*** Begin section ***

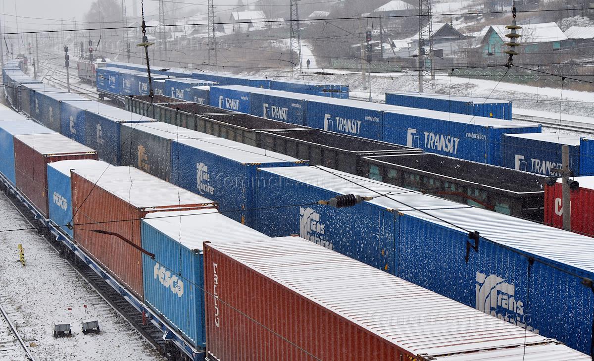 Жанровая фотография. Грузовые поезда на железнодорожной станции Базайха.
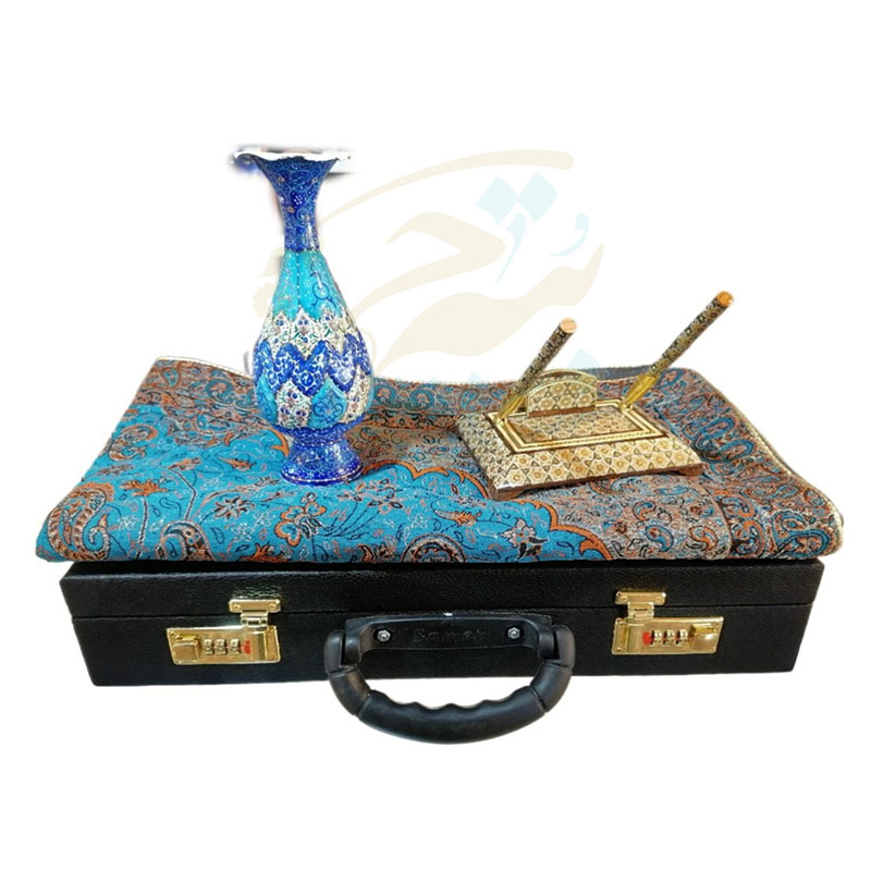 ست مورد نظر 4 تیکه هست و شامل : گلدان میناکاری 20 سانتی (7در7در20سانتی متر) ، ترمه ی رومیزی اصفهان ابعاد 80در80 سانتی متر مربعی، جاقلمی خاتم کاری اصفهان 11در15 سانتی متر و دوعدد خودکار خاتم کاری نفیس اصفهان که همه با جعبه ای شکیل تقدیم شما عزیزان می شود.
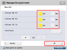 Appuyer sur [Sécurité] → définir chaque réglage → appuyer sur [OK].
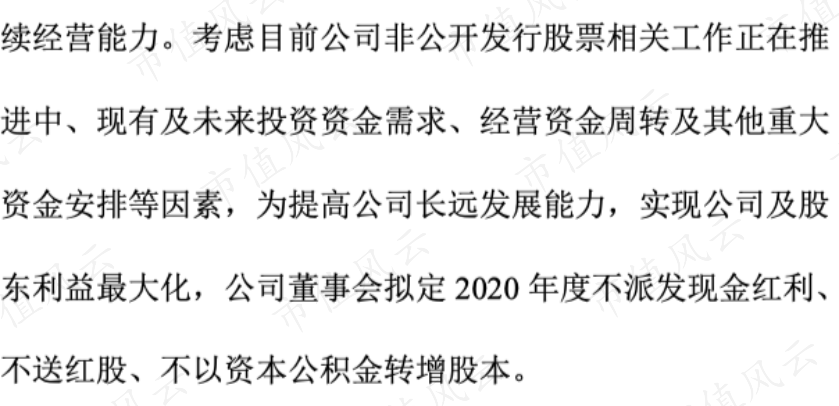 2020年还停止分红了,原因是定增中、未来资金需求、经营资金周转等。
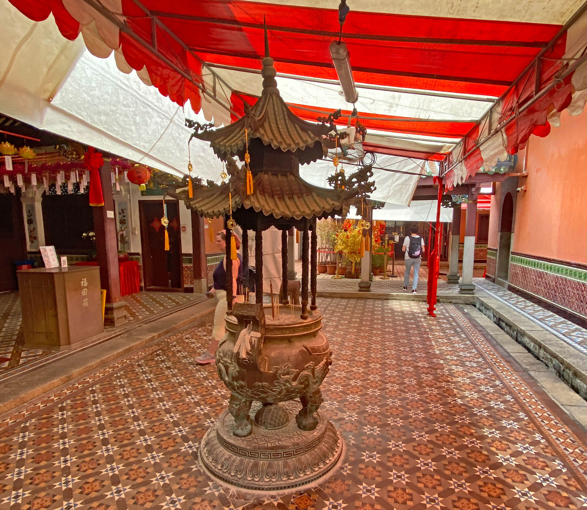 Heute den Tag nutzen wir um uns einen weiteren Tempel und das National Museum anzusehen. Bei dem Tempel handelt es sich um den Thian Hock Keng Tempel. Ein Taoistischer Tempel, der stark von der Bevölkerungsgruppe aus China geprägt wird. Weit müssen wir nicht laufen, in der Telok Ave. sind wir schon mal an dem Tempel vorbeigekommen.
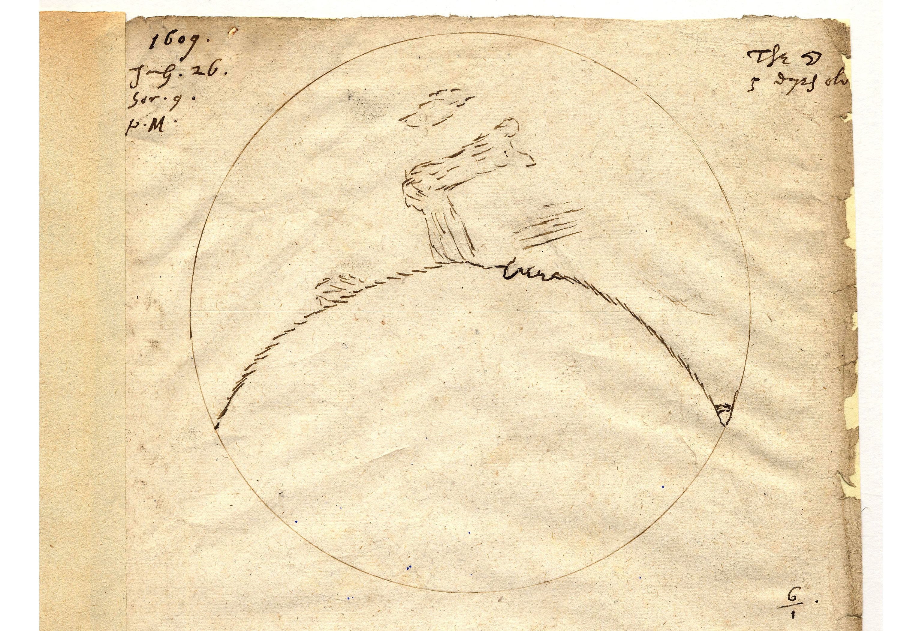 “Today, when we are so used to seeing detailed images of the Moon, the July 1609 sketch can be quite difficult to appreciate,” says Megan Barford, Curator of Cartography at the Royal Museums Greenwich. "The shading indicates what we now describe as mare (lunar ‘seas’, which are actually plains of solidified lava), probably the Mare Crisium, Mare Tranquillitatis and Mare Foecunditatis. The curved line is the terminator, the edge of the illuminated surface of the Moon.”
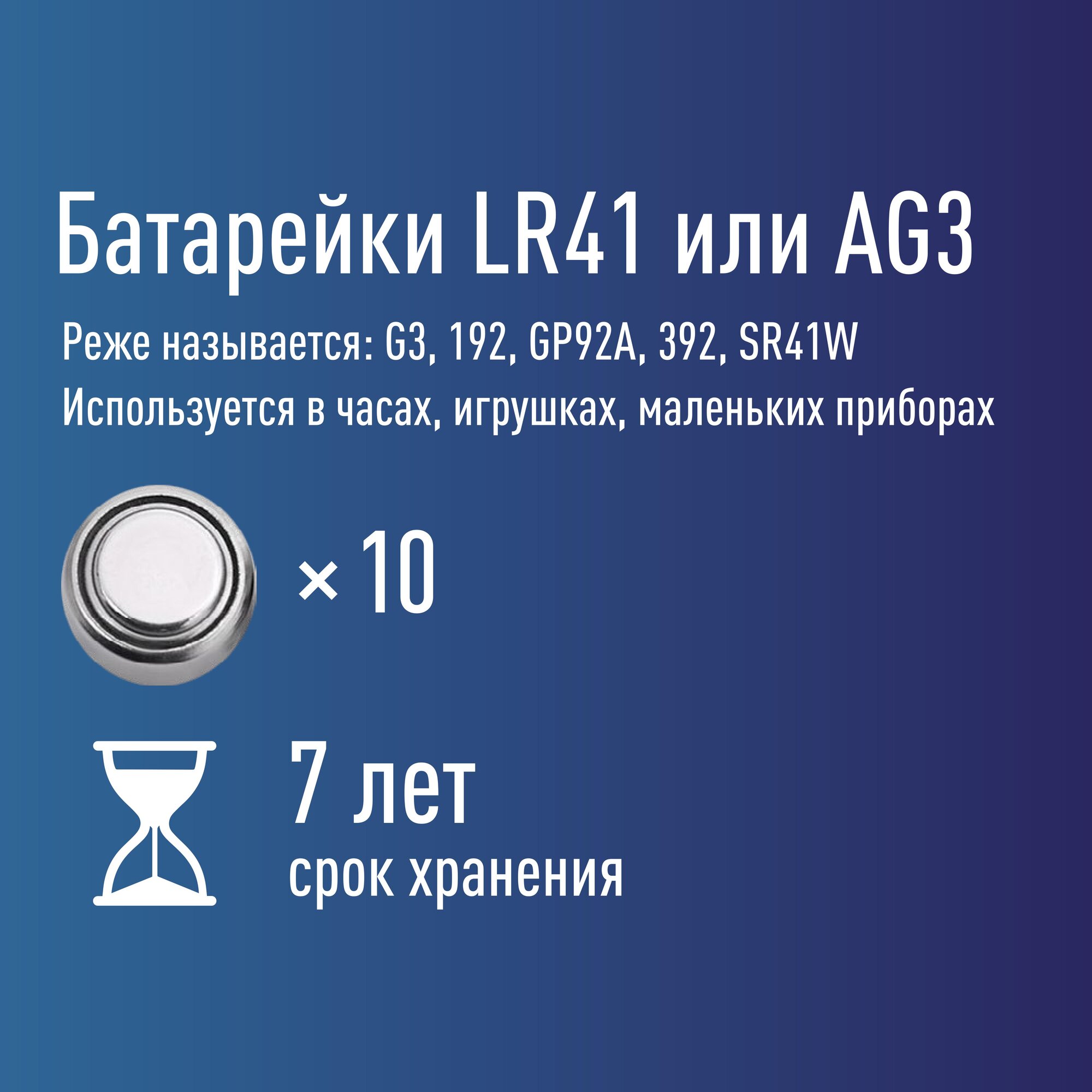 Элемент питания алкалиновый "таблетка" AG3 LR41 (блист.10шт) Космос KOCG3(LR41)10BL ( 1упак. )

*** End section ***
*** Begin section ***

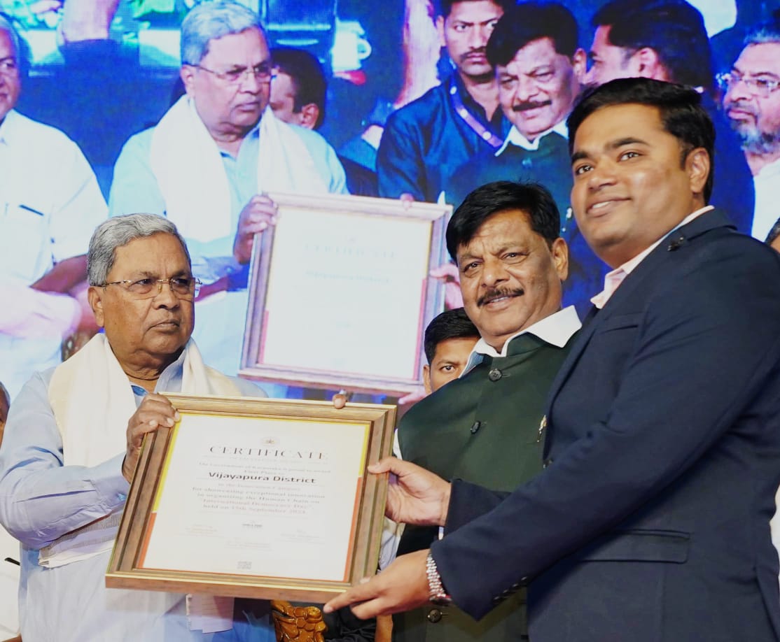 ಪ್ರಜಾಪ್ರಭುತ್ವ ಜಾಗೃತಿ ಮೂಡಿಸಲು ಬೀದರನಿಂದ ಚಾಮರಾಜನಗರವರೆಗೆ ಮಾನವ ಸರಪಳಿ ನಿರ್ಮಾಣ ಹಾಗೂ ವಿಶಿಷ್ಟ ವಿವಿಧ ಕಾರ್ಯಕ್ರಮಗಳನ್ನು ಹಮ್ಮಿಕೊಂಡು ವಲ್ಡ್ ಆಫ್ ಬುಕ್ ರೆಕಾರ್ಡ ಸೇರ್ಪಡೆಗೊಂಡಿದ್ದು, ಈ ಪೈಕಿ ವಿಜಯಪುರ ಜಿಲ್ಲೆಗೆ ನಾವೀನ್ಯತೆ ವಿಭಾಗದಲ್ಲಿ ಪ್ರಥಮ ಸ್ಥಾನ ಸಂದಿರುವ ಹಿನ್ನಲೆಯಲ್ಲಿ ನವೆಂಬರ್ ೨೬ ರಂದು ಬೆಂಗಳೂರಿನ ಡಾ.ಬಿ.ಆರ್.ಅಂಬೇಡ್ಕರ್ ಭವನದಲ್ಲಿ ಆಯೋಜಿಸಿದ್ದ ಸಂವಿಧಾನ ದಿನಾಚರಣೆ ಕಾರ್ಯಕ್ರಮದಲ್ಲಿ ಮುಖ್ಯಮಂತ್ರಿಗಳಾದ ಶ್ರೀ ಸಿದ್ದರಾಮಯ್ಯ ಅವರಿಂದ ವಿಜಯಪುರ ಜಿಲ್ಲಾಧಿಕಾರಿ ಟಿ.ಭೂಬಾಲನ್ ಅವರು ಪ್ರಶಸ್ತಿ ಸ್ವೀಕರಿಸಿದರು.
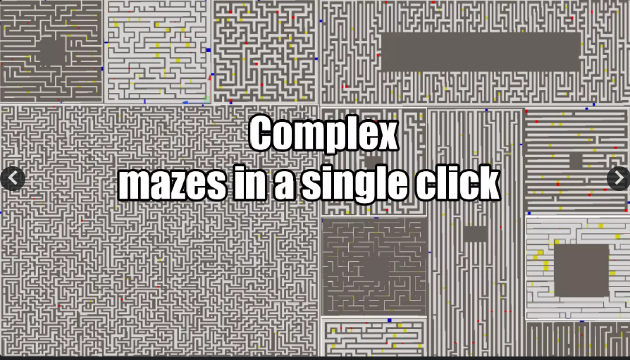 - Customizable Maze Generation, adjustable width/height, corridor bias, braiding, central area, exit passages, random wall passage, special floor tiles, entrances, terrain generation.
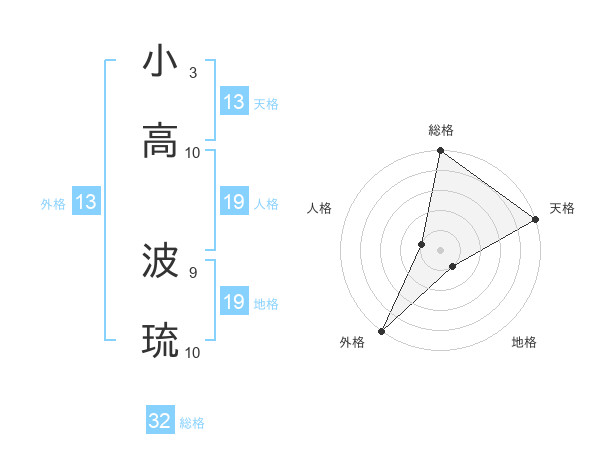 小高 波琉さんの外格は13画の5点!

*** End section ***

Only one stretch of the material above is wanted: the line containing "Жанровая фотография. Грузовые" through the line containing "2020年还停止分红了,原因是定增中、未来资金需求、经营资金周转等。". Restate it word for word, minus the pictures.

 Жанровая фотография. Грузовые поезда на железнодорожной станции Базайха.
 ست مورد نظر 4 تیکه هست و شامل : گلدان میناکاری 20 سانتی (7در7در20سانتی متر) ، ترمه ی رومیزی اصفهان ابعاد 80در80 سانتی متر مربعی، جاقلمی خاتم کاری اصفهان 11در15 سانتی متر و دوعدد خودکار خاتم کاری نفیس اصفهان که همه با جعبه ای شکیل تقدیم شما عزیزان می شود.
 Appuyer sur [Sécurité] → définir chaque réglage → appuyer sur [OK].
 2020年还停止分红了,原因是定增中、未来资金需求、经营资金周转等。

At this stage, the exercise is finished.